Bauër's influence on the Parisian cultural scene is described as considerable. A contemporary report describes him as the champion of progressive theater criticism and the great opponent of traditionalist critics, notably Francisque Sarcey and Jules Lemaître. Anyone who had attended a dress rehearsal would know his striking appearance in a theater box. His word had force of law, especially among artists. He also generously used this influence, among other things, in the service of theatrical programming (as at the Théâtre Libre) or to have roles assigned to his favorite actresses.

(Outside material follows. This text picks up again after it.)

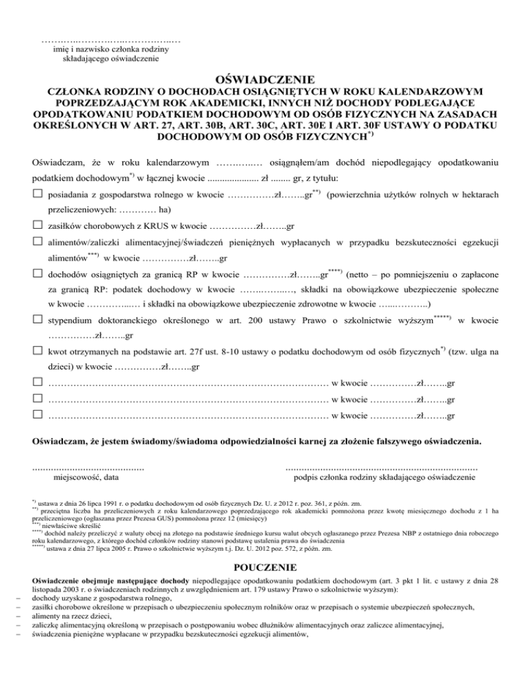 …….…..……….…..……….…..… imię i nazwisko członka rodziny składającego oświadczenie OŚWIADCZENIE CZŁONKA RODZINY O DOCHODACH OSIĄGNIĘTYCH W ROKU KALENDARZOWYM POPRZEDZAJĄCYM ROK AKADEMICKI, INNYCH NIŻ DOCHODY PODLEGAJĄCE OPODATKOWANIU PODATKIEM DOCHODOWYM OD OSÓB FIZYCZNYCH NA ZASADACH OKREŚLONYCH W ART. 27, ART. 30B, ART. 30C, ART. 30E I ART. 30F USTAWY O PODATKU DOCHODOWYM OD OSÓB FIZYCZNYCH*) Oświadczam, że w roku kalendarzowym …….…..… osiągnąłem/am dochód niepodlegający opodatkowaniu podatkiem dochodowym*) w łącznej kwocie ..................... zł ........ gr, z tytułu: posiadania z gospodarstwa rolnego w kwocie ……………zł……..gr**) (powierzchnia użytków rolnych w hektarach przeliczeniowych: ………… ha) zasiłków chorobowych z KRUS w kwocie ……………zł……..gr alimentów/zaliczki alimentacyjnej/świadczeń pieniężnych wypłacanych w przypadku bezskuteczności egzekucji alimentów***) w kwocie ……………zł……..gr dochodów osiągniętych za granicą RP w kwocie ……………zł……..gr****) (netto – po pomniejszeniu o zapłacone za granicą RP: podatek dochodowy w kwocie …….……..…, składki na obowiązkowe ubezpieczenie społeczne w kwocie …………...… i składki na obowiązkowe ubezpieczenie zdrowotne w kwocie …...………..) stypendium doktoranckiego określonego w art. 200 ustawy Prawo o szkolnictwie wyższym*****) w kwocie ……………zł……..gr kwot otrzymanych na podstawie art. 27f ust. 8-10 ustawy o podatku dochodowym od osób fizycznych*) (tzw. ulga na dzieci) w kwocie ……………zł……..gr ……………………………………………………………………………… w kwocie ……………zł……..gr ……………………………………………………………………………… w kwocie ……………zł……..gr ……………………………………………………………………………… w kwocie ……………zł……..gr Oświadczam, że jestem świadomy/świadoma odpowiedzialności karnej za złożenie fałszywego oświadczenia. .......................................... miejscowość, data ........................................................................ podpis członka rodziny składającego oświadczenie ustawa z dnia 26 lipca 1991 r. o podatku dochodowym od osób fizycznych Dz. U. z 2012 r. poz. 361, z późn. zm. przeciętna liczba ha przeliczeniowych z roku kalendarzowego poprzedzającego rok akademicki pomnożona przez kwotę miesięcznego dochodu z 1 ha przeliczeniowego (ogłaszana przez Prezesa GUS) pomnożona przez 12 (miesięcy) ***) niewłaściwe skreślić ****) dochód należy przeliczyć z waluty obcej na złotego na podstawie średniego kursu walut obcych ogłaszanego przez Prezesa NBP z ostatniego dnia roboczego roku kalendarzowego, z którego dochód członków rodziny stanowi podstawę ustalenia prawa do świadczenia *****) ustawa z dnia 27 lipca 2005 r. Prawo o szkolnictwie wyższym t.j. Dz. U. 2012 poz. 572, z późn. zm. *) **) POUCZENIE Oświadczenie obejmuje następujące dochody niepodlegające opodatkowaniu podatkiem dochodowym (art. 3 pkt 1 lit. c ustawy z dnia 28 listopada 2003 r. o świadczeniach rodzinnych z uwzględnieniem art. 179 ustawy Prawo o szkolnictwie wyższym): dochody uzyskane z gospodarstwa rolnego, zasiłki chorobowe określone w przepisach o ubezpieczeniu społecznym rolników oraz w przepisach o systemie ubezpieczeń społecznych, alimenty na rzecz dzieci, zaliczkę alimentacyjną określoną w przepisach o postępowaniu wobec dłużników alimentacyjnych oraz zaliczce alimentacyjnej, świadczenia pieniężne wypłacane w przypadku bezskuteczności egzekucji alimentów, dochody uzyskiwane za granicą Rzeczypospolitej Polskiej, pomniejszone odpowiednio o zapłacone za granicą Rzeczypospolitej Polskiej: podatek dochodowy oraz składki na obowiązkowe ubezpieczenie społeczne i obowiązkowe ubezpieczenie zdrowotne, kwoty otrzymane na podstawie art. 27f ust. 8-10 ustawy z dnia 26 lipca 1991 r. o podatku dochodowym od osób fizycznych (tzw. ulga na dzieci), świadczenie rodzicielskie, zasiłek macierzyński, o którym mowa w przepisach o ubezpieczeniu społecznym rolników; stypendia doktoranckie i habilitacyjne przyznane na podstawie ustawy z dnia 14 marca 2003 r. o stopniach naukowych i tytule naukowym oraz o stopniach i tytule w zakresie sztuki (Dz. U. z 2014 r. poz. 1852), stypendia doktoranckie określone w art. 200 ustawy z dnia 27 lipca 2005 r. Prawo o szkolnictwie wyższym, stypendia sportowe przyznane na podstawie ustawy z dnia 25 czerwca 2010 r. o sporcie (Dz. U. z 2014 r. poz. 715) oraz inne stypendia o charakterze socjalnym przyznane uczniom lub studentom, z zastrzeżeniem, że do dochodu nie wlicza się: świadczeń pomocy materialnej dla studentów i doktorantów, otrzymywanych na podstawie przepisów ustawy Prawo o szkolnictwie wyższym, stypendiów przyznawanych uczniom, studentom i doktorantom w ramach: a) funduszy strukturalnych Unii Europejskiej, b) niepodlegających zwrotowi środków pochodzących z pomocy udzielanej przez państwa członkowskie Europejskiego Porozumienia o Wolnym Handlu (EFTA), c) umów międzynarodowych lub programów wykonawczych, sporządzanych do tych umów albo międzynarodowych programów stypendialnych, świadczeń pomocy materialnej dla uczniów otrzymywanych na podstawie ustawy z dnia 7 września 1991 r. o systemie oświaty, świadczeń, o których mowa w art. 173a i 199a ustawy Prawo o szkolnictwie wyższym, stypendiów o charakterze socjalnym przyznawanych przez inne podmioty, o których mowa w art. 21 ust. 1 pkt 40b ustawy z dnia 26 lipca 1991 r. o podatku dochodowym od osób fizycznych (Dz. U. z 2012 r. poz. 361, z późn. zm.); do dochodu nie wlicza się zwiększenia stypendium doktoranckiego z dotacji projakościowej, o którym mowa a art. 200a ustawy z dnia 27 lipca 2005 r. - Prawo o szkolnictwie w

The part of his work that is considered most important is therefore his journalistic activity, while his attempts at poetic writing were valued, but not very successful. As a journalist, he showed himself in his columns and theater reviews vigorously in favor of women's equality, against discrimination against homosexuals and Jews, for disarmament and pacifism.

Works

  • La Revanche de Gaëtan (1879)
  • Une comédienne. Scènes de la vie de théâtre (1889)
  • Mémoires d’un jeune homme (1895; modern edition by Luc Legeard, "De Ducos à l’or des théâtres." Édition Annotée et Commentée de l'Ouvrage: Mémoires d’un Jeune Homme, de Henry Bauër, 2013)
  • De la vie et du rêve (1896)
  • Idée et réalité (1899)
  • Sa maîtresse. Comédie en 4 actes (1903)
  • Chez les bourgeois. Comédie en 4 actes (1909)

Notes

  1. He used this form exclusively in literary life.
  2. On his involvement in the Dreyfus Affair, see his entry in the Dictionnaire biographique et géographique de l'affaire Dreyfus.
  3. Where he used to spell his surname "Bauër" with the umlaut.
  4. For example, in his column entitled "La Lumière du Nord" published in the Echo de Paris on June 24, 1895, p. 3. Gonzalo J. Sanchez also cites this passage in his study of the culture of compassion in turn-of-the-century France: Pity in Fin-de-Siècle French Culture. "Liberté, Égalité, Pitié." Westport: Praeger, 2004, p. 189.
  5. The enthusiastic review of the premiere can be read in "Les Premières Représentations", L'Écho de Paris, December 12, 1896, p. 3.
  6. Cerf, Marcel (1975). Le Mousquetaire de la Plume. La Vie d'un Grand Critique Dramatique: Henry Bauër, Fils Naturel d’Alexandre Dumas, 1851-1915. Paris: Académie d’Histoire, p. 94.
  7. Nye, Robert A. (1998). Masculinity and Male Codes of Honor in Modern France. Berkeley: University of California Press, p. 123.